4. Incorporate the Retriever into a Question-Answering Chain

Integrate the document retriever into a chain for answering questions.

Define the System Prompt: Create a prompt to instruct the model on how to handle the input.

system_prompt = (
    "Given a chat history and the latest user question "
    "which might reference context in the chat history, "
    "formulate a standalone question which can be understood "
    "without the chat history.
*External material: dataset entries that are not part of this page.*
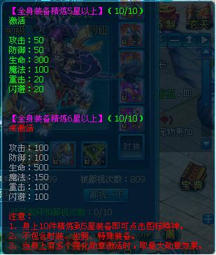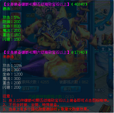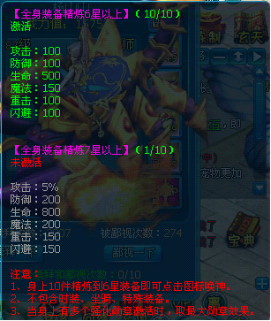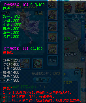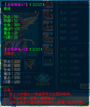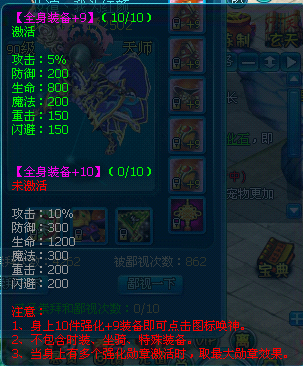 全身装备强化加7之后,就能点亮装备的强化唤神,点亮加7唤神是需要使用100元宝,越高级的强化唤神使用的元宝也是越多的。加7唤神的属性:攻击+50,防御+50,生命+300,魔法+100,重击+20,闪避+20。强化的装备等级越高,唤神的属性加的越多。强化唤神最高是强化12的唤神。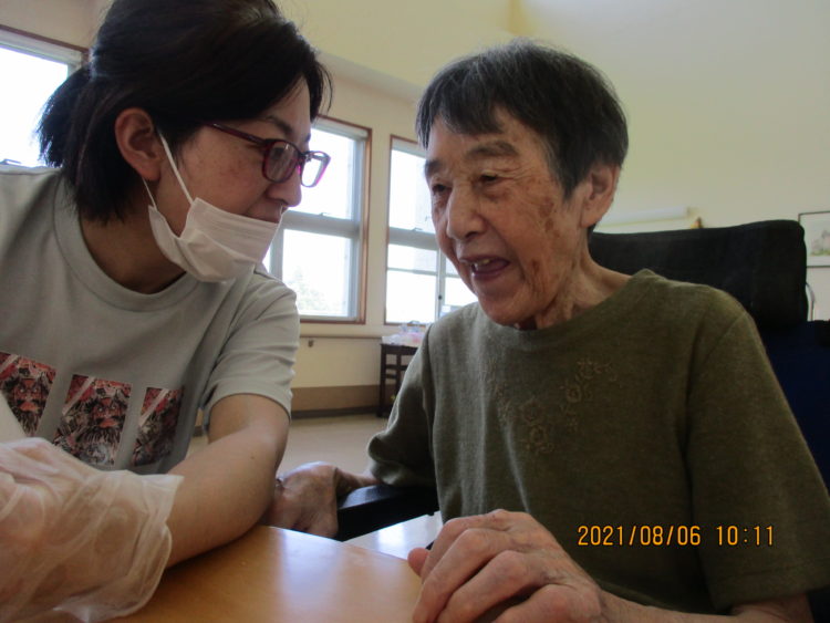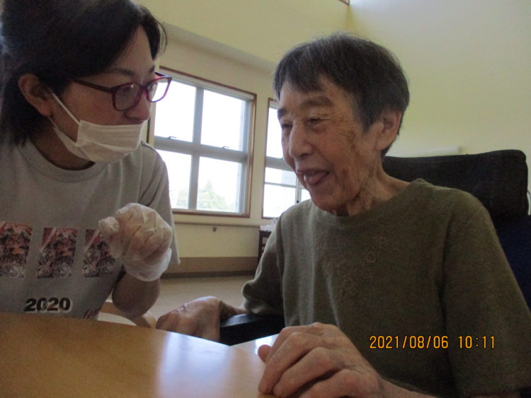 機能訓練指導員の先生にお話を聞くと大きな声を出して口角を開け閉め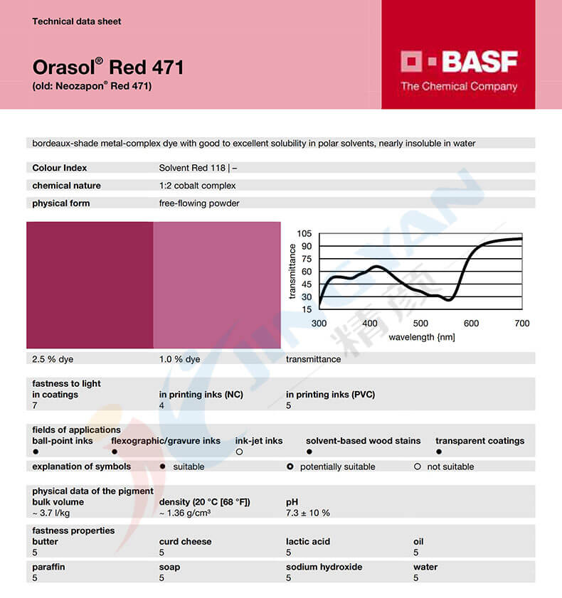 馬上撥打電話 400 006 1223 咨詢:巴斯夫BASF Orasol Red 471棗紅色鈷金屬絡(luò)合染料溶劑紅118相關(guān)信息
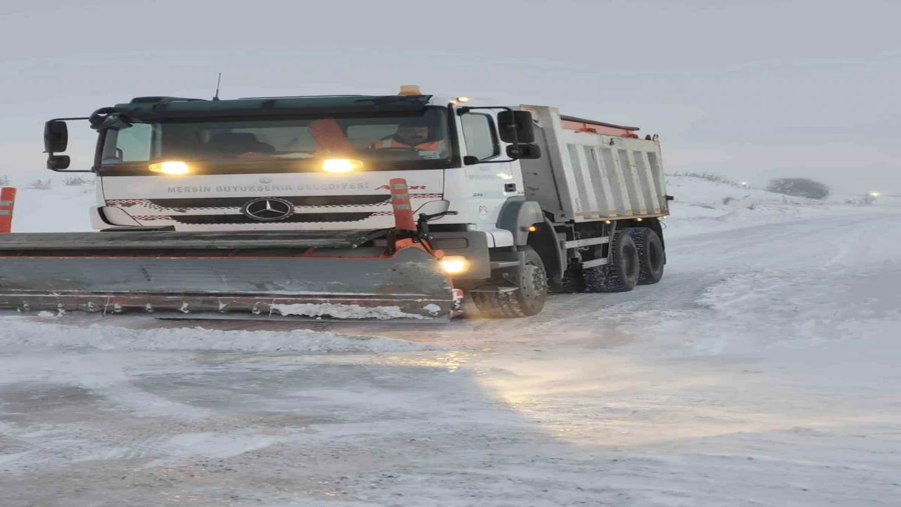 Mersin Büyükşehir Belediyesi ekipleri, Mut ilçesinin yüksek kesimlerinde etkili olan kar yağışı sonrasında kar küreme ve tuzlama çalışmaları yaparak kırsalda yolları açık tutmaya çalışıyor.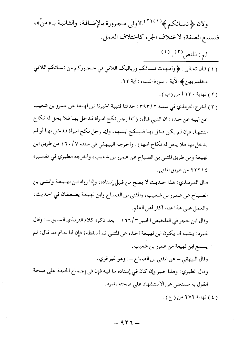 (٣) أخرج الترمذي في سننه ٢/ ٣٩٣: حدثنا قتيبة أخبرنا ابن لهيعة عن عمرو بن شعيب عن أبيه عن جده: أن النبي قال: (أيما رجل نكح امرأة فدخل بها فلا يحل له نكاح ابنتها، فإِن لم يكن دخل بها فلينكح ابنتها، وأيما رجل نكح امرأة فدخل بها أو لم يدخل بها فلا يحل له نكاح أمها). وأخرجه البيهقي في سننه ٧/ ١٦٠ من طريق ابن لهيعة ومن طريق المثنى بن الصباح عن عمرو بن شعيب، وأخرجه الطبري في تفسيره ٤/ ٢٢٢ من طريق المثنى.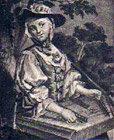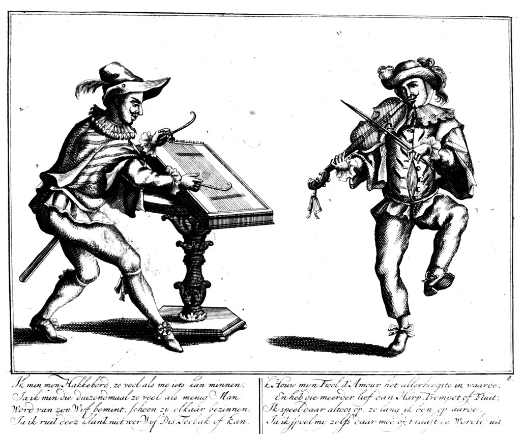 The bridging on the Flemish engraving at fig. 68 is also something of a puzzle: taken as a true representation of its model, the latter would be of type 0.1., of which there were five convincing examples in the 15th century. However, the only two 16th century representations are very sketchy, and there are no others in the 17th or 18th centuries, so it seems safest to conclude that the artist did not feel bound to reproduce all the details. The wrest-pins are rather unusually shown on the left, but when we notice that the accompanying fiddler is left-handed we conclude that this plate was also reversed: a costume expert might be able to confirm this point.
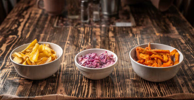 Poctivý hovädzí burger s poriadnou porciou príloh - hranolčeky, coleslaw šalát aj cibuľové krúžky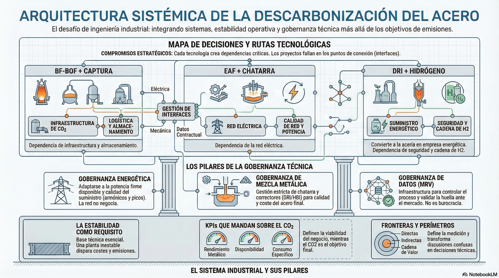 Describe la siderurgia como un sistema integrado de flujos de material, energía y datos. Analiza las diferencias estructurales entre BF–BOF, EAF y DRI–EAF, identificando dónde se concentran las emisiones reales y qué unidades condicionan consumo, permisos y estabilidad. El capítulo introduce la importancia del mapeo de interfaces y de la medición por unidad de proceso para poder gobernar emisiones, costes y cumplimiento ambiental.

Do NOT answer the question, "
    "just reformulate it if needed and otherwise return it as is."
)

Create Prompt Template: Set up the prompt template for the chat model.

prompt = ChatPromptTemplate.from_messages([
    ("system", system_prompt),
    MessagesPlaceholder("chat_history"),
    ("human", "{input}")
])

Create History-Aware Retriever: Combine the language model and the retriever with the prompt.

history_aware_retriever = create_history_aware_retriever(
    llm, retriever, prompt
)

Create Question-Answer Chain: Build the question-answer chain.

question_answer_chain = create_stuff_documents_chain(
    llm=llm,
    prompt=prompt
)

Create Retrieval-Augmented Generation (RAG) Chain: Form the complete RAG chain for better question answering.

rag_chain = create_retrieval_chain(
    history_aware_retriever,
    question_answer_chain
)

5. Execute Queries with Chat History

Run queries while maintaining chat history for context.

Initial Question: Ask the first question and store the response in chat history.

chat_history = []

question = "What is Task Decomposition?"
response = rag_chain.invoke({
    "input": question,
    "chat_history": chat_history
})
chat_history.extend(
    [
        HumanMessage(content=question),
        AIMessage(content=response["answer"]),
    ]
)

Follow-up Question: Ask a follow-up question and get a response based on the updated chat history.

second_question = "What are common ways of doing it?"
response2 = rag_chain.invoke({"input": second_question, "chat_history": chat_history})

print(response2["answer"])

These step-by-step explanation guides you through setting up a retrieval-augmented generation (RAG) chain using LangChain with both OpenAI and Huggingface models, loading and processing a document, creating a retriever, and using the retriever in a question-answering chain that maintains chat history.

Enhancing the Conversational Retrieval Chain

To make your CRC more robust, consider the following enhancements:

Context Management: Improve context management by storing and retrieving conversation history. You can use memory modules or databases to store the context.
Custom Embeddings: Train custom embeddings specific to your domain to improve the accuracy of document retrieval.
User Feedback: Implement a feedback loop where users can rate the relevance of responses. This feedback can be used to fine-tune the system over time.
Additional Features: Integrate external data sources, enhance the user interface, or add more sophisticated query processing.

Conclusion

In this comprehensive guide, we explored building a Conversational Retrieval Chain (CRC) using LangChain, enabling the development of advanced chatbots and conversational agents. By setting up the environment, configuring API and models, performing web scraping, and integrating a question-answering chain with context management, we created a fully functional conversational agent. This agent efficiently handles complex queries by leveraging previous interactions, providing improved context handling, better relevance, and enhanced user experience.

To further enhance your CRC, consider implementing advanced context management, custom embeddings, and user feedback loops. These improvements will refine the system’s accuracy and relevance over time. Additionally, integrating external data sources, enhancing the user interface, and ensuring robust security and privacy measures will make your conversational agent more robust and user-friendly. By continuously learning from user interactions and scaling your infrastructure, you can create a highly effective and engaging Conversational Retrieval Chain, paving the way for innovative conversational AI applications.